## REQUIRED WORK
Your output should be the exact lines from the start of the data through the line containing "This study proposes", with no pictures.

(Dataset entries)
Content starts
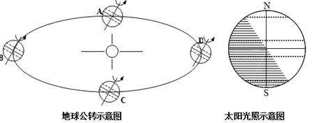 (3)根据左图可以判断,A点为春分日,B点为夏至日,C点为秋分日,D点为冬至日。右图太阳光照图显示北极圈及其以北地区为极昼现象,为夏至日。此时北回归线及其以北地区正午太阳高度达一年中的最大值,北半球昼长达一年中最大值,此日之后,太阳直射点向南移动。
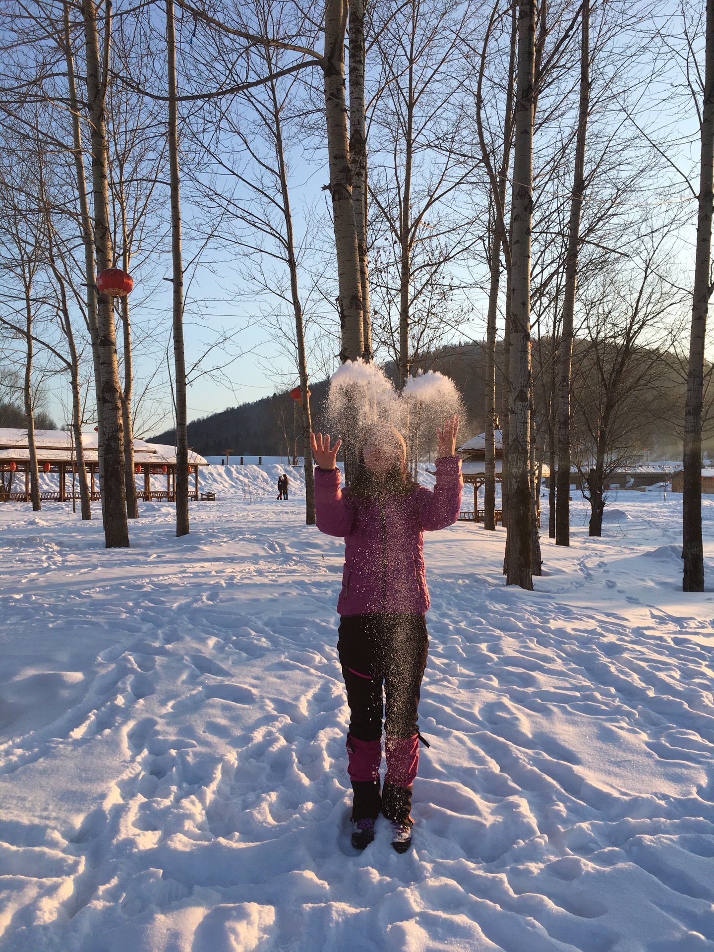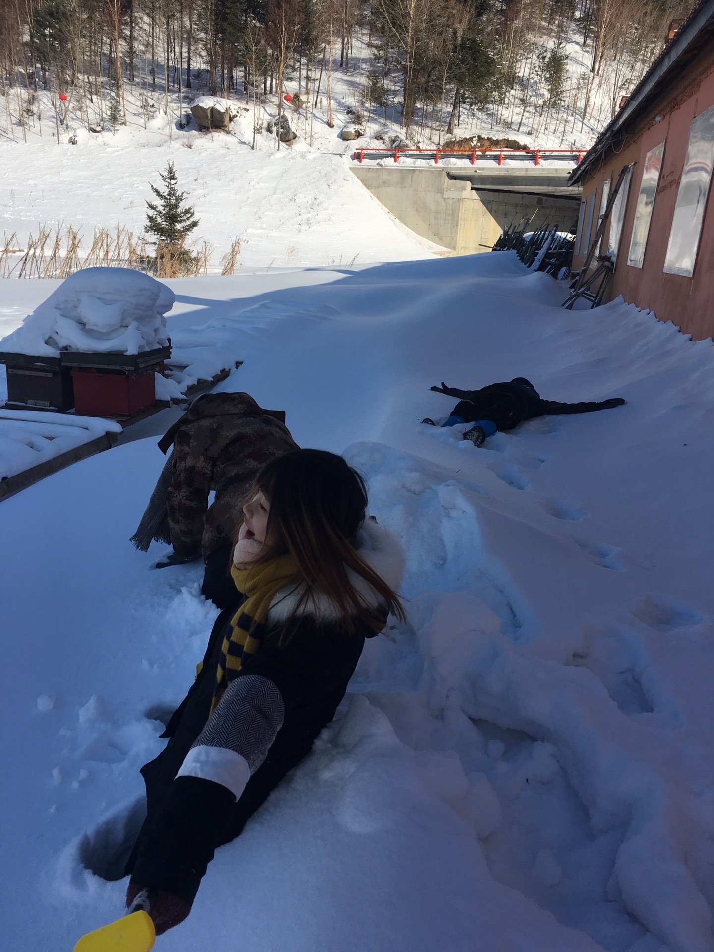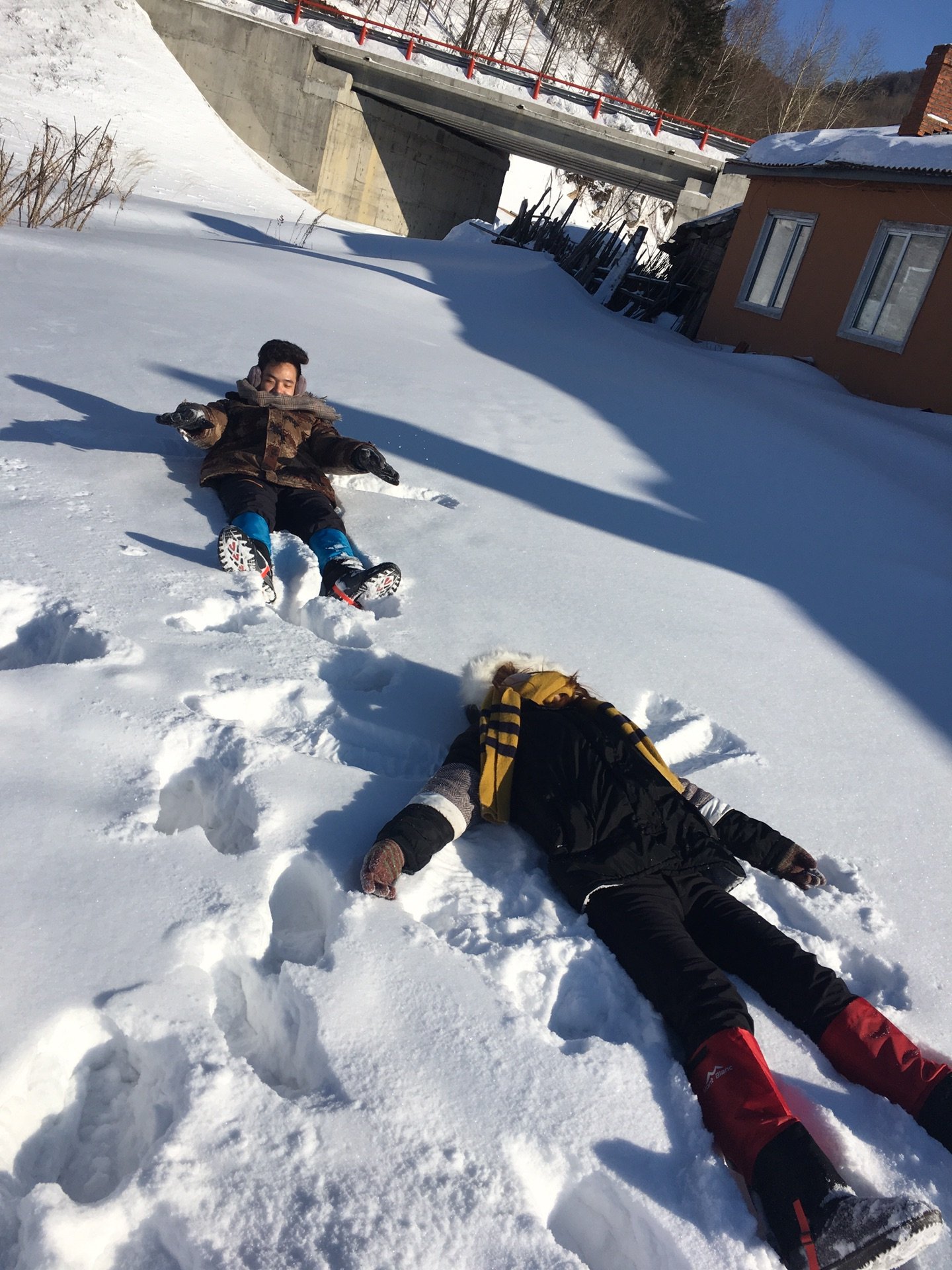 吃完就出去玩耍啦,阿姨家门口有自己挖的一条雪道,家里也有雪圈雪板,拉着雪圈雪板出去滑了好几圈哈哈哈哈特别有意思
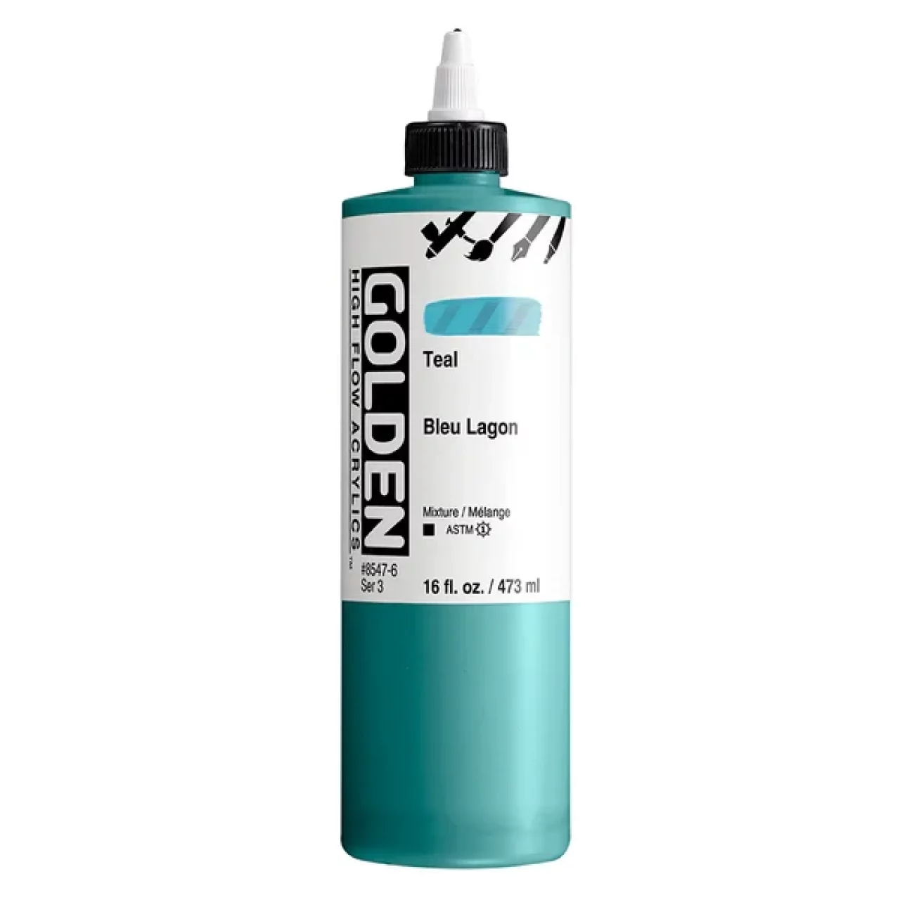 High Flow Acrylics zijn ultradunne verf met een inktachtige consistentie die ongelooflijk veelzijdig is. Ze kunnen rechtstreeks uit de fles worden gebruikt in een airbrush, navulbare marker of kroontjespen en zijn zeer geschikt voor tekenen, beitsen, druppelen, gieten, kalligrafie en kleurwasbeurten. High Flow biedt een palet met veel kleuren met één pigment, evenals fluorescerende en iriserende kleuren. Hoewel het werkt als inkt, is het acrylverf en dus compatibel met andere GOLDEN acrylverfkleuren en -mediums.
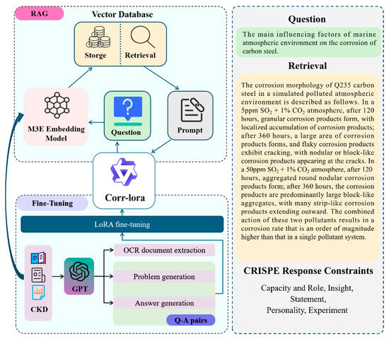 This study proposes a large language model, Corr-Lora-RAG, designed to address the complexity and uncertainty inherent in corrosion data. A dedicated corrosion knowledge database (CKD) was constructed, and dataset generation code was provided to enhance the model’s reproducibility and adaptability. Based on the Qwen2.5-7B model, the Corr-Lora model was developed by integrating prompt engineering and low-rank adaptation (LoRA) supervised fine-tuning (SFT) techniques, thereby improving the understanding and expression of domain-specific knowledge in the field of corrosion. Furthermore, the Corr-Lora-RAG model was built using retrieval-augmented generation (RAG) technology, enabling dynamic access to external knowledge. Experimental results demonstrate that the proposed model outperforms baseline models in terms of accuracy, completeness, and domain relevance, and exhibits knowledge generation capabilities comparable to those of large-scale language models under limited computational resources. This approach provides an intelligent solution for corrosion risk assessment, standards compliance analysis, and protective strategy formulation, and offers a valuable reference for the development of specialized language models in other engineering fields.
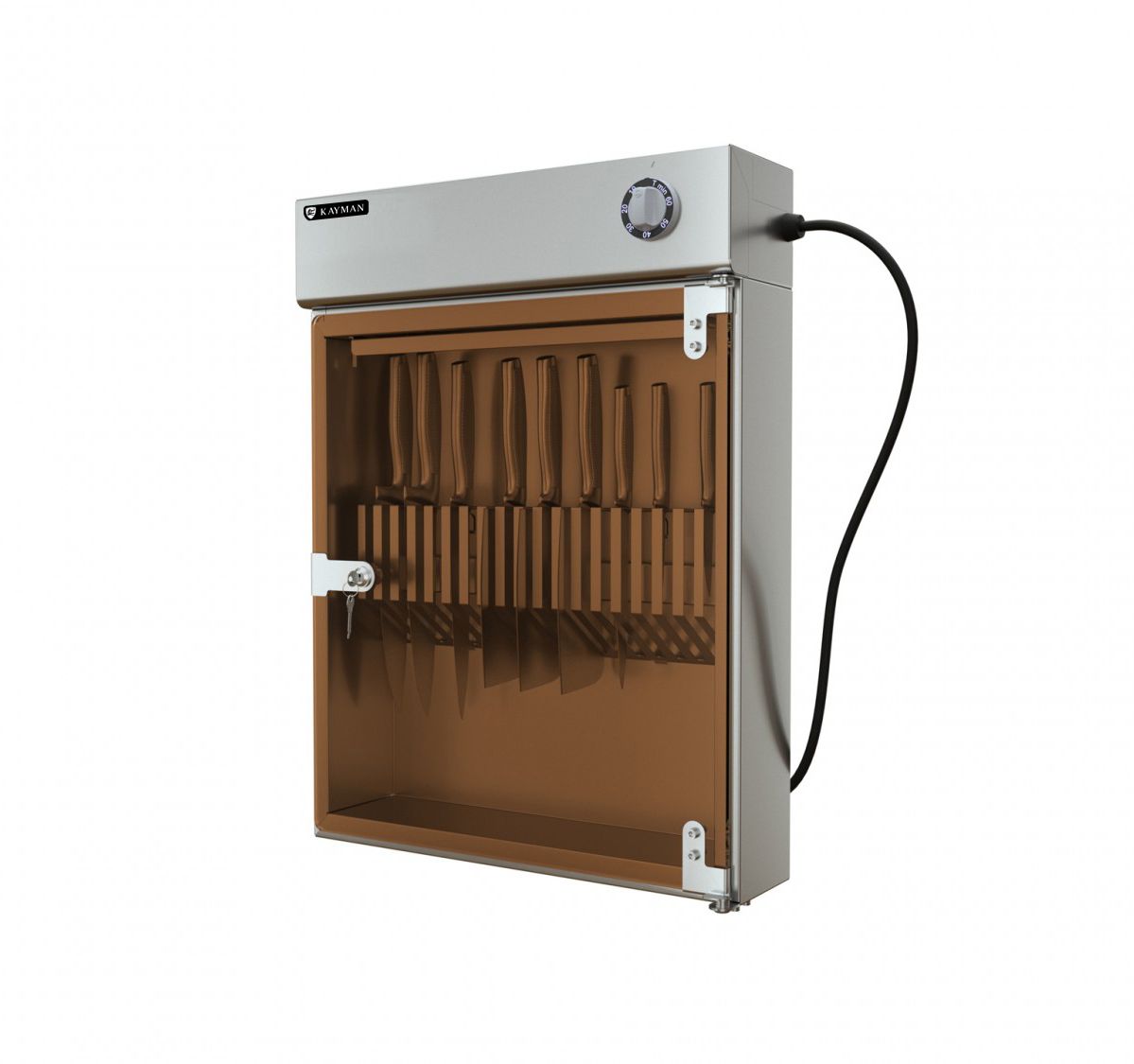 Заказ от 5шт.465х145х605мм, AISI430, 8Вт, 220В, таймер 60мин, настенный, в комплекте: решетка-держатель на 18 ножей , 1шт. ртутная лампа низкого давления ДРБ 8-1.Бактерицидный поток лампы 0,16Вт. Средний срок службы лампы 5000 ч. Колба-стекло увиолевое. Предназначен для дезинфекции поварских ножей различных размеров и других инструментов на предприятиях пищевой промышленности, торговли и общественного питания. Ограничения по размерам (для ножей): максимальная длина ручки - 14 см, лезвия - 28 см. Ширина каждой ячейки - 9 мм.
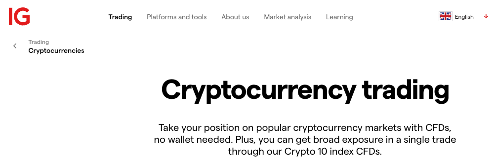In early 2021, IG halted its retail crypto offering in the UK following a temporary ban on crypto derivatives trading by the UK Financial Conduct Authority.
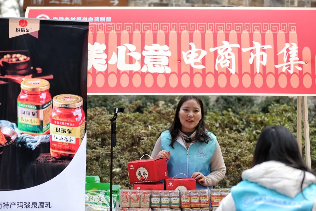 “皖美心意·電商市集”活動現場,安徽鄉村振興電商聯盟19家成員單位企業集體亮相,集結安徽16地市特色年貨產品。
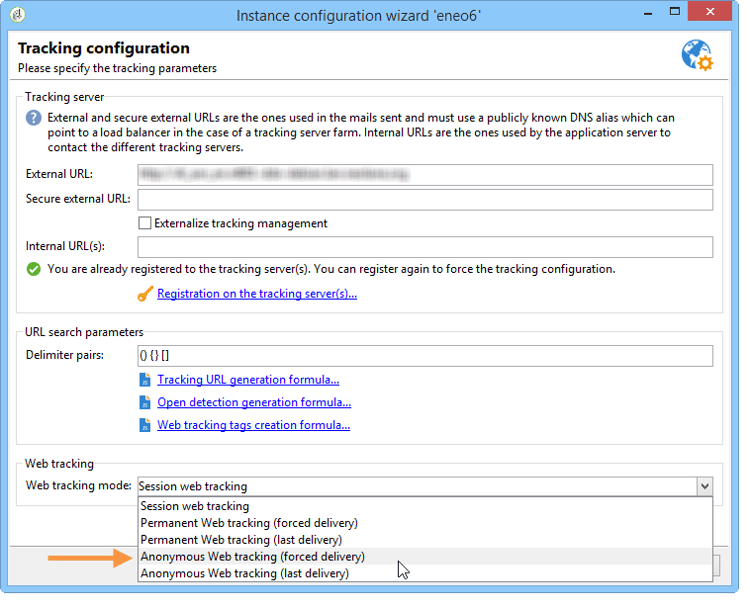 배포 마법사의 추적 구성 화면에서 익명 웹 추적 모드를 선택해야 합니다.
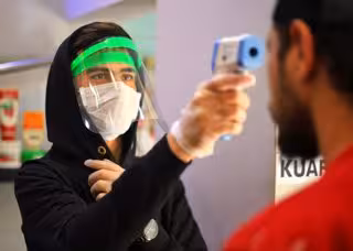 Un dependiente de una tienda en Turquía toma la temperatura a un cliente. - Mahmoud abu Salama
Content ends
## EXERCISE ANSWER
 (3)根据左图可以判断,A点为春分日,B点为夏至日,C点为秋分日,D点为冬至日。右图太阳光照图显示北极圈及其以北地区为极昼现象,为夏至日。此时北回归线及其以北地区正午太阳高度达一年中的最大值,北半球昼长达一年中最大值,此日之后,太阳直射点向南移动。
 吃完就出去玩耍啦,阿姨家门口有自己挖的一条雪道,家里也有雪圈雪板,拉着雪圈雪板出去滑了好几圈哈哈哈哈特别有意思
 High Flow Acrylics zijn ultradunne verf met een inktachtige consistentie die ongelooflijk veelzijdig is. Ze kunnen rechtstreeks uit de fles worden gebruikt in een airbrush, navulbare marker of kroontjespen en zijn zeer geschikt voor tekenen, beitsen, druppelen, gieten, kalligrafie en kleurwasbeurten. High Flow biedt een palet met veel kleuren met één pigment, evenals fluorescerende en iriserende kleuren. Hoewel het werkt als inkt, is het acrylverf en dus compatibel met andere GOLDEN acrylverfkleuren en -mediums.
 This study proposes a large language model, Corr-Lora-RAG, designed to address the complexity and uncertainty inherent in corrosion data. A dedicated corrosion knowledge database (CKD) was constructed, and dataset generation code was provided to enhance the model’s reproducibility and adaptability. Based on the Qwen2.5-7B model, the Corr-Lora model was developed by integrating prompt engineering and low-rank adaptation (LoRA) supervised fine-tuning (SFT) techniques, thereby improving the understanding and expression of domain-specific knowledge in the field of corrosion. Furthermore, the Corr-Lora-RAG model was built using retrieval-augmented generation (RAG) technology, enabling dynamic access to external knowledge. Experimental results demonstrate that the proposed model outperforms baseline models in terms of accuracy, completeness, and domain relevance, and exhibits knowledge generation capabilities comparable to those of large-scale language models under limited computational resources. This approach provides an intelligent solution for corrosion risk assessment, standards compliance analysis, and protective strategy formulation, and offers a valuable reference for the development of specialized language models in other engineering fields.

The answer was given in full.